Sichuan University is one of the earliest institutions of higher education in China. The present-day Sichuan University developed from three principal institutional origins: the university that became National Sichuan University (国立四川大学) in 1931, the engineering and applied sciences institution that later became the Chengdu University of Science and Technology, and the medical sciences institution descended from West China Union University. The International Association of Universities dates Sichuan University's foundation to 1896, with the present institution being the product of major mergers in 1994 and 2000.

===Origins and the late Qing period===

Sichuan University traces its direct modern institutional origin to the Sichuan Chinese and Western School (四川中西学堂). In 1895, Lu Chuanlin (鹿传霖), then governor of Sichuan, petitioned the Guangxu Emperor for permission to establish a modern school in Chengdu combining Chinese and Western learning. The school formally opened on 18 June 1896. Its initial curriculum included English and French, with mathematics added the following year; its organization reflected the emerging modern educational system, with instruction divided by subject and student progress assessed through a credit-like system.

The school was subsequently combined with older academies in Chengdu. In 1902, it merged with Zunjing Academy (尊经书院), an academy established in the late Qing period, to form the Sichuan Provincial University Hall (四川通省大学堂). By the end of that year the institution had been renamed the Sichuan Provincial Capital Higher School (四川省城高等学堂). In 1903, Jinjiang Academy (锦江书院), whose history dated to the Qing dynasty, was incorporated into it. These older academies are therefore part of the university's institutional ancestry, although the university and the World Higher Education Database use 1896 as the beginning of its modern history.

=== Republican era and National Sichuan University ===

Following the 1911 Revolution and the establishment of the Republic of China, the Sichuan Provincial Higher School was renamed the Sichuan Government Higher School. A further reorganization took place in 1916, when its faculty, students and property were incorporated into Sichuan Higher Normal School, which became the National Chengdu Higher Normal School (国立成都高等师范学校).

Changes to China's higher-education system during the 1920s led to the division of the higher normal school. National Chengdu University (国立成都大学) was established in 1926 from part of the former institution, initially with programs in the humanities, sciences and law, while its teacher-training functions developed into National Chengdu Normal University (国立成都师范大学). Meanwhile, in 1927, five provincially administered specialized institutions in Chinese studies, foreign languages, law and politics, agriculture, and engineering were consolidated into Public Sichuan University (公立四川大学). The latter was organized into colleges covering Chinese literature, foreign literature, law and politics, engineering and agriculture.

On 9 November 1931, National Chengdu University, National Chengdu Normal University, and Public Sichuan University were consolidated as National Sichuan University (国立四川大学). The consolidation brought the principal streams of state-run higher education in Chengdu into a single comprehensive university. During the following years it developed colleges in the humanities, sciences, law, engineering, agriculture, and teacher education.
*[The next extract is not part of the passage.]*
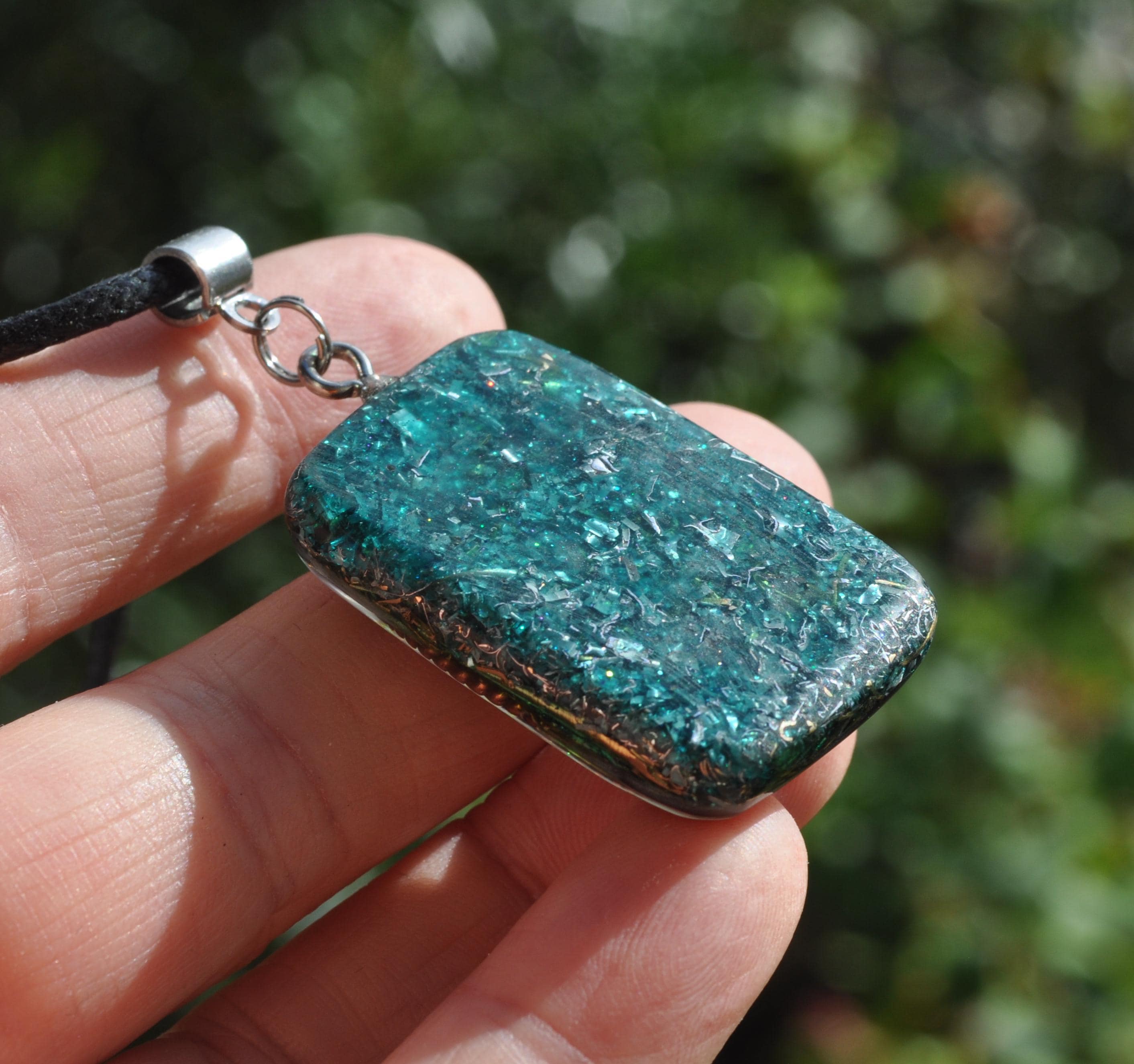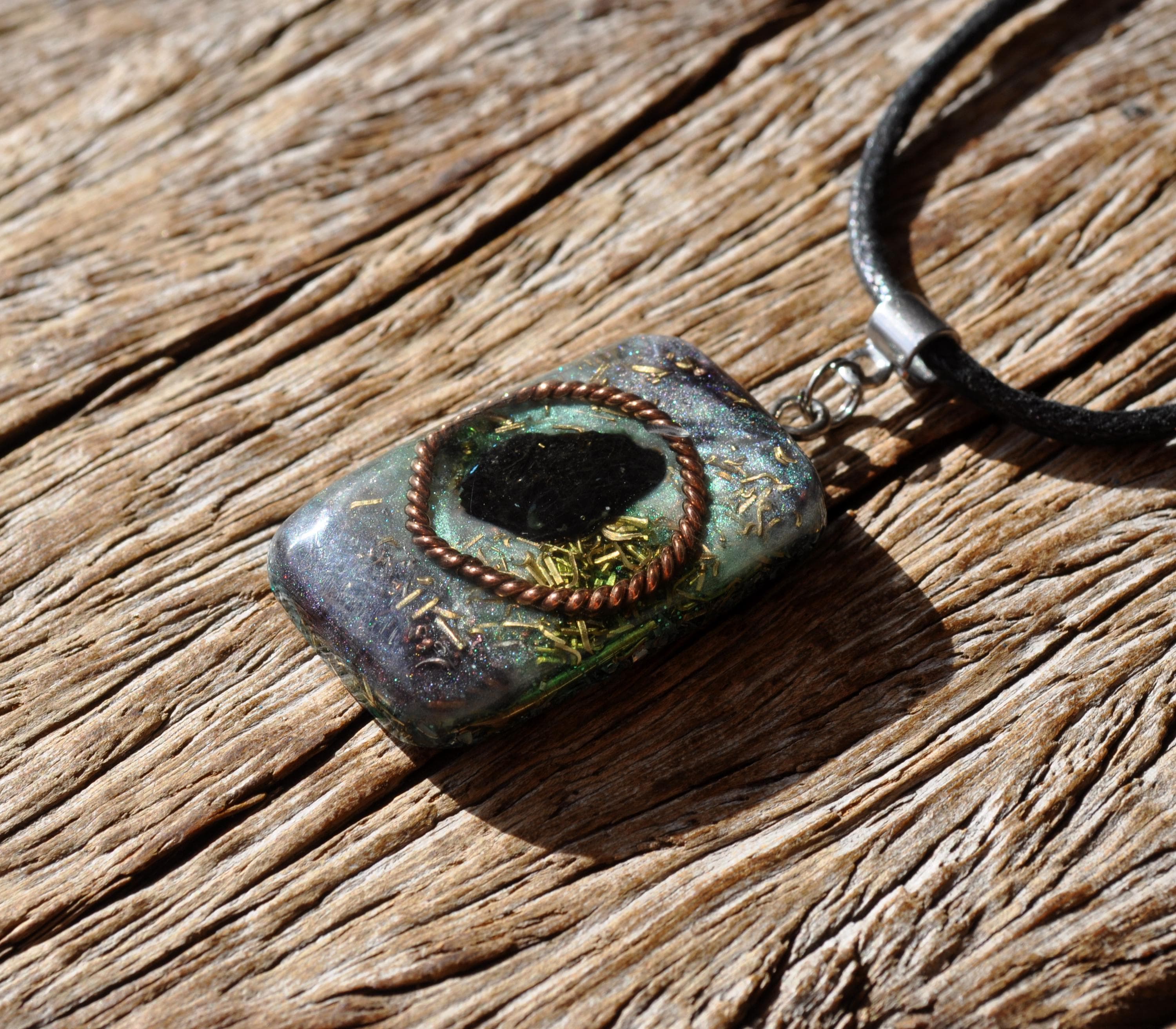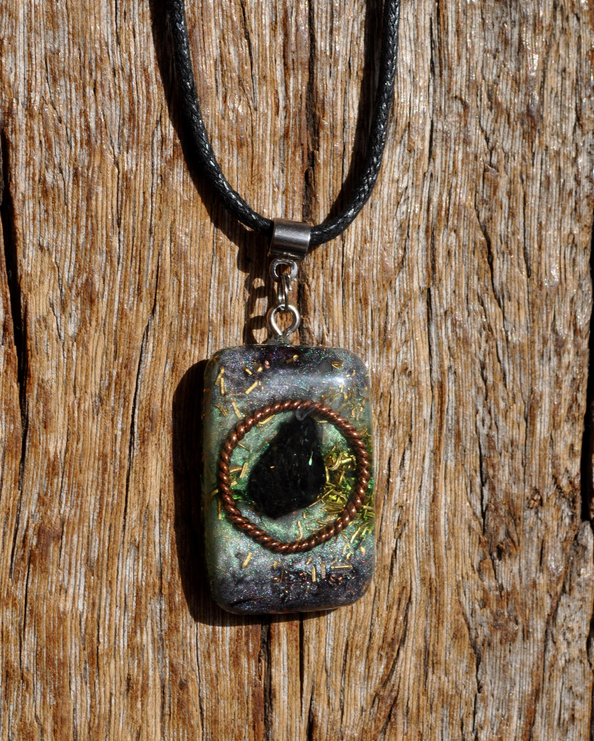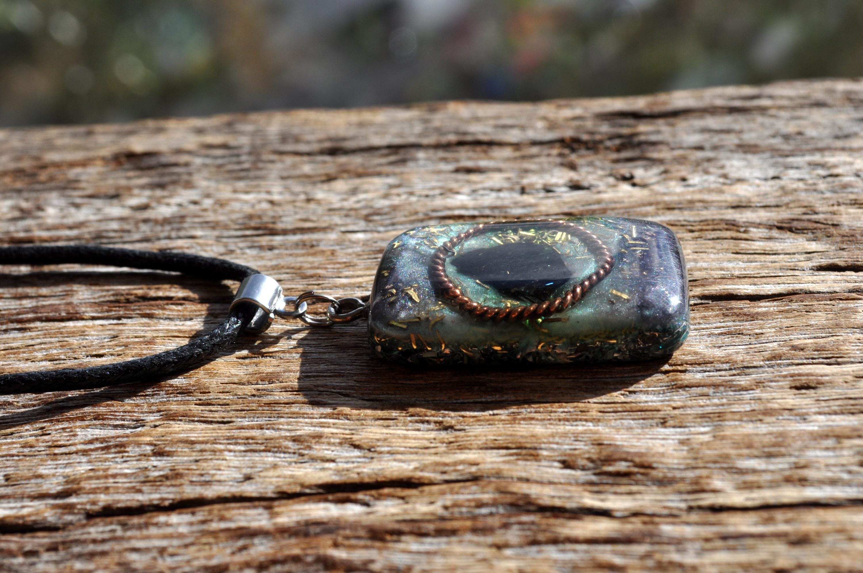This Orgonite® pendant centers around a genuine piece of Nuummite, one of the oldest and rarest minerals on Earth — over 3 billion years old and found only in Greenland. Often called the “Sorcerer’s Stone” in metaphysical traditions, Nuummite has long been associated with ancient Earth energy, deep grounding, and personal transformation. Its appearance is typically dark, rich, and opaque, reflecting its primal energy and deep connection to the elements.

The Second Sino-Japanese War substantially disrupted the university. As Chengdu became a target of Japanese air raids, the university's campus was bombed on 27 July 1939, damaging or destroying numerous buildings. To reduce the danger to students and staff, National Sichuan University relocated to Mount Emei in 1939, where it continued teaching during the war. It returned to Chengdu in 1943 and moved to the area that became its present Wangjiang Campus. By 1949, National Sichuan University comprised six colleges and 25 academic departments.

===West China Union University and medical sciences===

A separate institutional origin, which would become part of Sichuan University in 2000, began with West China Union University (WCUU). It was founded in Chengdu by Protestant missionary organizations from Britain, Canada, and the United States, and opened in 1910 with 11 students. Operations were interrupted during the 1911 Revolution, but the university's arts and sciences program reopened in 1913. A medical faculty began instruction in 1914. The university subsequently developed medical and dental education into major components of its academic work.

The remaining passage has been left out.